Segment Start: Provided data

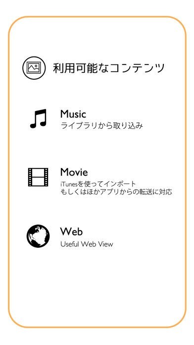音楽、動画の再生、ブラウザでのサイト閲覧ができるようになっています。メニューにあるミュージック、ムービーを利用するには、端末やパソコンからアプリ内へファイルをアップロードすることで視聴可能になります。
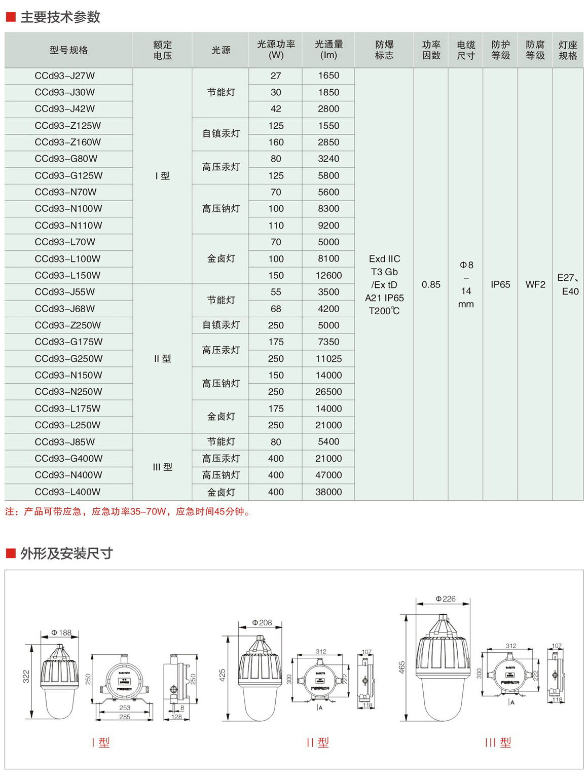 产品中心 厂用防爆灯具系列 CCd93系列防爆照明灯(ⅡC)
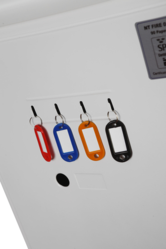 Höhenverstellbarer Boden, abschließbare Schublade und Schlüsselhaken. Mit Flügeltür. Verschließbar mit elektronischem Hochsicherheitsschloss mit klarer LED-Anzeige, Doppelsteuerung und Codes. Mit automatischer Schnellverriegelung. Konstruktion aus Stahl. Korpus mit Lackierung in RAL9003 Signalweiß. Front mit Lackierung in RAL9003 Signalweiß.
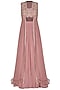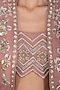 Featuring a pink bustier top in georgette base with geometric pattern hand embroidery. It is paired with a matching skirt and cape.

Segment End: Provided data

| About this task |
Leave out the pictures and reproduce the rest of the listing exactly.

| Response area |
音楽、動画の再生、ブラウザでのサイト閲覧ができるようになっています。メニューにあるミュージック、ムービーを利用するには、端末やパソコンからアプリ内へファイルをアップロードすることで視聴可能になります。
 产品中心 厂用防爆灯具系列 CCd93系列防爆照明灯(ⅡC)
 Höhenverstellbarer Boden, abschließbare Schublade und Schlüsselhaken. Mit Flügeltür. Verschließbar mit elektronischem Hochsicherheitsschloss mit klarer LED-Anzeige, Doppelsteuerung und Codes. Mit automatischer Schnellverriegelung. Konstruktion aus Stahl. Korpus mit Lackierung in RAL9003 Signalweiß. Front mit Lackierung in RAL9003 Signalweiß.
 Featuring a pink bustier top in georgette base with geometric pattern hand embroidery. It is paired with a matching skirt and cape.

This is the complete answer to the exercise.